Rights and duties
The benchmark references and limits embodied in the principles of equality, reciprocity, proportionality, responsibility and freedom, along with their related values such as truth, solidarity, etc., are both rights and duties. These rights and duties are closely linked to the human forces, much like opportunities and constraints are linked to the natural forces. For instance gravity is both an opportunity for skiers which have the right to go downhill and a constraint for them as they have a moral duty to control their speed, for their own security and that of Others. One could say that the opportunities and constraints given by the natural forces are like the right to BE and to evolve and this right to BE implies a moral duty of reciprocity equal to that of the Others.
There is symmetry between rights and duties. Both our rights and our duties end where those of the Others begin. At first glance, these rights and duties seem to be barriers between individuals, but actually, they are bridges that link beings to each other. Symmetry unites them. These ties are immensely powerful, their power being the ability to form Mankind into a true community. It is through these links (or bridges) that the social fabric is irrigated.
When symmetries are so lightly broken, rights and duties become more human: concepts like tolerance, forgiveness, goodwill and kindness are then introduced. A light rupture of symmetry softens the rigidity of the principles, ties become stronger, friendship, brotherhood, solidarity develop.these links or bridges that the social fabric is woven.

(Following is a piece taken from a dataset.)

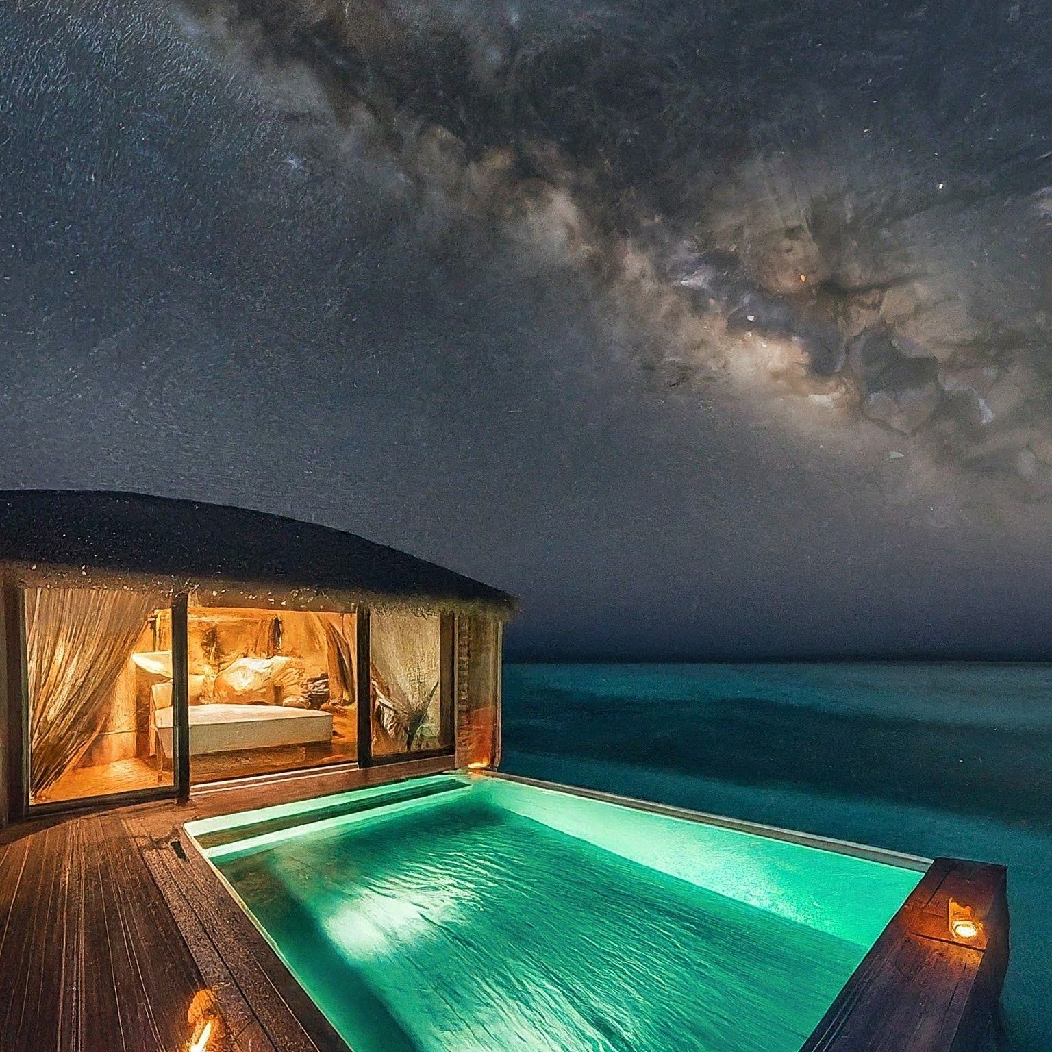 This ultra-luxurious resort offers guests a private island retreat with unmatched opulence and personalized service. Soneva Jani is renowned for its overwater villas featuring retractable roofs for unobstructed stargazing and private pools with waterslides.
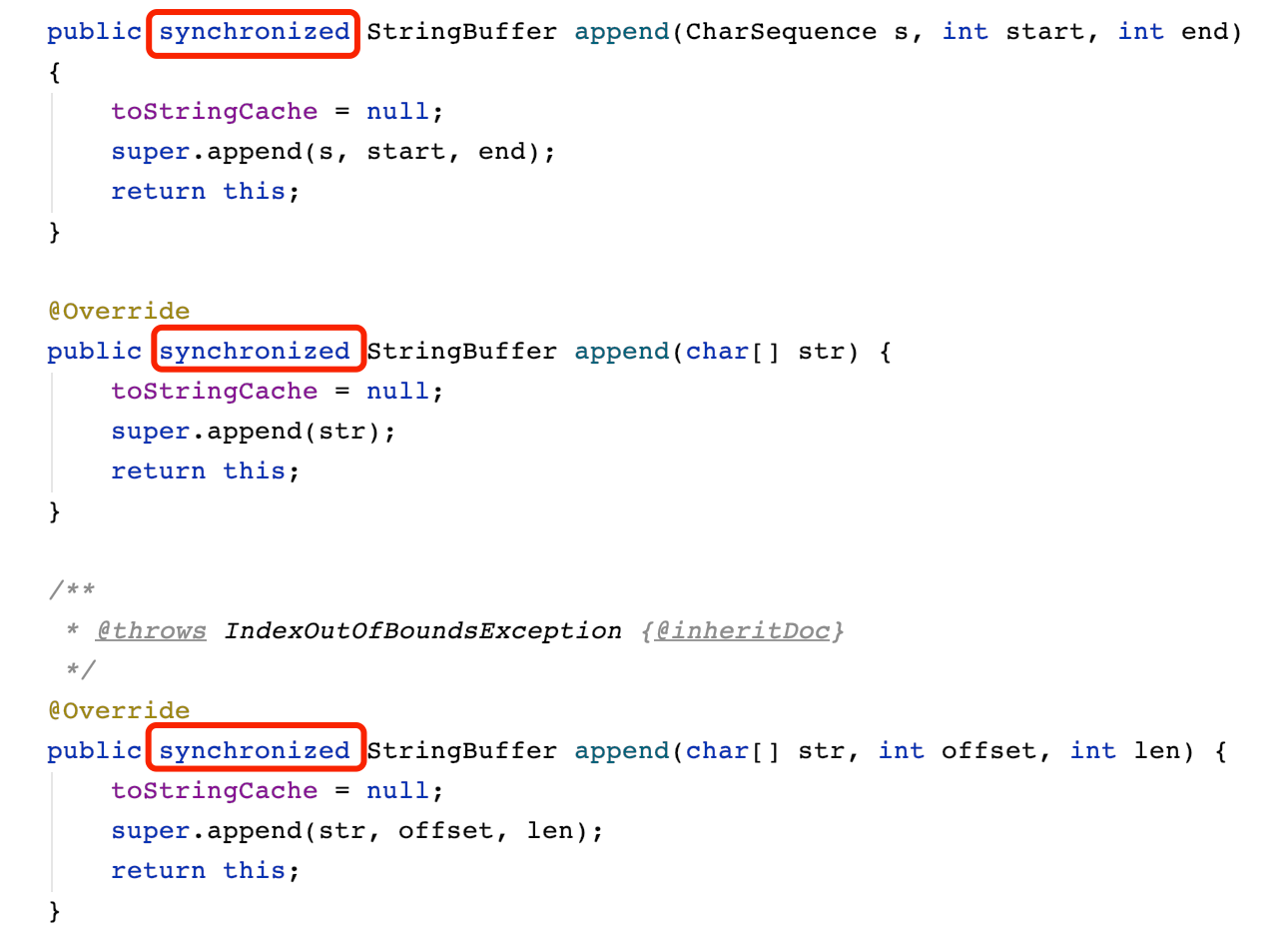 StringBuffer 在字符串拼接上面直接使用 synchronized

Everyone may read this text under the light of his own choosing. A legal expert might retain the importance of rights and duties, while a physician might favour the relational aspect these benchmark-bridges create between him and his patient. Life’s complexity prevents us from fixating on any single aspect of reality. A holistic view fosters the approach to truth.
While democracies struggle to promote human rights, philosophers stumble over the Kantian rhetoric of Man’s duties. According to Kant duty, is “The need to act out of respect for the law.” If it were out of respect for natural quantum laws, I would agree with him, but he referred to a “metaphysical” moral law too pure to be true. As I see it, duties are only the inverted image of rights, as seen in a mirror. They are inseparable, and are the result of the principle of reciprocity. The right to fish in the river next to my home only makes sense if the residents upstream of me are duty-bound not to pollute this river. One’s right ends where the Other’s begins. I am not the only one who wishes to go trout fishing: I accept that others also fish.
The Convention on the Rights of the Child makes the best of intentions considering past abuses: it offers an impressive list of children’s rights, but alas, mentions none of their duties! How could anyone yield to the illusion that a child can have rights without offsetting duties, not even that most elementary duty of respecting the rights of Others? Children ignore or underestimate their duty to respect their teachers. That is also because people confuse the “equal right to be” with equality in status. Children have the right to be and to live, just as adults do, but they are not their equal. They must start by learning the rules of the great game of life, by being educated about their rights and duties. They must become autonomous, as far as possible, before they get equal rights to adults.